One solution is to quantify the local benefits of the transition to net zero, as the Inter-American Development Bank has done with a detailed cost-benefit analysis of Costa Rica’s national decarbonization plan. This revealed a net benefit to the economy of US$41 billion between 2020 and 2050. Crucially, it disregards the benefit from avoiding the impacts of climate change globally, so it represents what Costa Rica stands to gain even if every other country in the world does nothing. “We’re not saying there are no costs to sustainability, we’re saying that the benefits are more than twice the costs,” says Adrien Vogt-Schilb, senior climate change and sustainability economist at the IADB.
This is intended to not only build political support for the plan internally, but to demonstrate the steps that need to be taken by each part of government and the private sector in order to deliver it, he explains. “We’re trying to transform the lofty net zero emissions goal that’s very mystical for a lot of people into specific sectorial actions – for instance, hectares of reforested areas, share of electric vehicles – so that everyone understands what it means for them and how it can help them achieve their own goals. We don’t even need to talk about reducing emissions. So it’s not a sacrifice that you’re asking people today to make for 2050, it’s about improving their lives, improving the business environment, just making things better.”

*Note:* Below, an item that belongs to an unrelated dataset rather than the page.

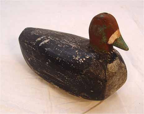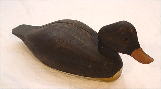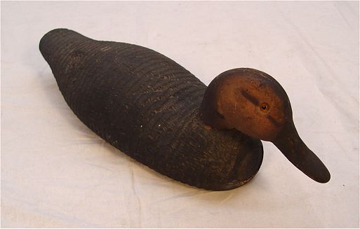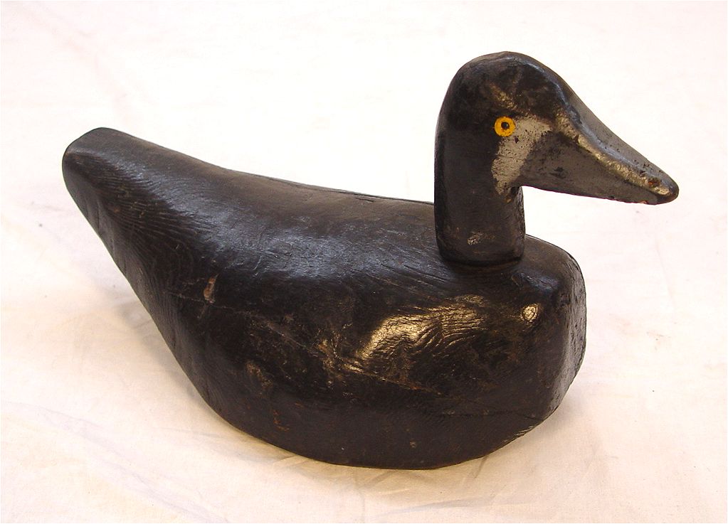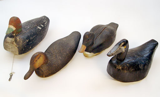 4 CARVED DUCK DECOYS: All have an original dark finish, 2 have glass eyes, 2 have necks that pivot, 13-16''l.

The methodology was set in 2019, but this kind of analysis is even more important since COVID-19: “If you want to make any climate action politically realistic, you definitely need to emphasize the social and economic benefits – which means you need to ensure that the plan has social and economic benefits in the first place.”
The greatest share of the benefits for Costa Rica are predicted to be felt in two sectors: agriculture, livestock and forestry; and public and private transport and freight. Improved agricultural yields, ecosystem services and support for tourism are worth US$22bn more than the investments required to achieve them and the foregone value of land dedicated to forests. Meanwhile, the costs of switching to electric vehicles and building public transport infrastructure are outweighed by the economic benefits from energy savings, fewer accidents, reduced congestion and the reduced impact of air pollution on health to the tune of US$19bn. Vogt-Schilb thinks that this pattern would hold for most developing countries, with agriculture and transport always in the top three. “The third big one is the benefit of switching to 100% renewable energy, which we don’t see in Costa Rica because it is already at 95%.”
To account for the uncertainty that besets a 30-year programme, the calculations were repeated for 3,003 plausible futures, reflecting assumptions over 300 variables. Virtually all of them resulted in some net benefit, the only exceptions being when two specific conditions were present together. These were both in the transport sector: high costs for several key technologies simultaneously; and low take-up of shared vehicles and slow development of electric bus lines.
So could we just focus on transport technologies and take-up and the rest will come? It’s not that simple, says Vogt-Schilb: this demonstrates the direction of travel, but it’s not a substitute for the journey itself. “Once you’ve got everybody on board and decided that you want things like buses and plant-based agriculture, you still have to design them so that they are good things – that’s its own project.”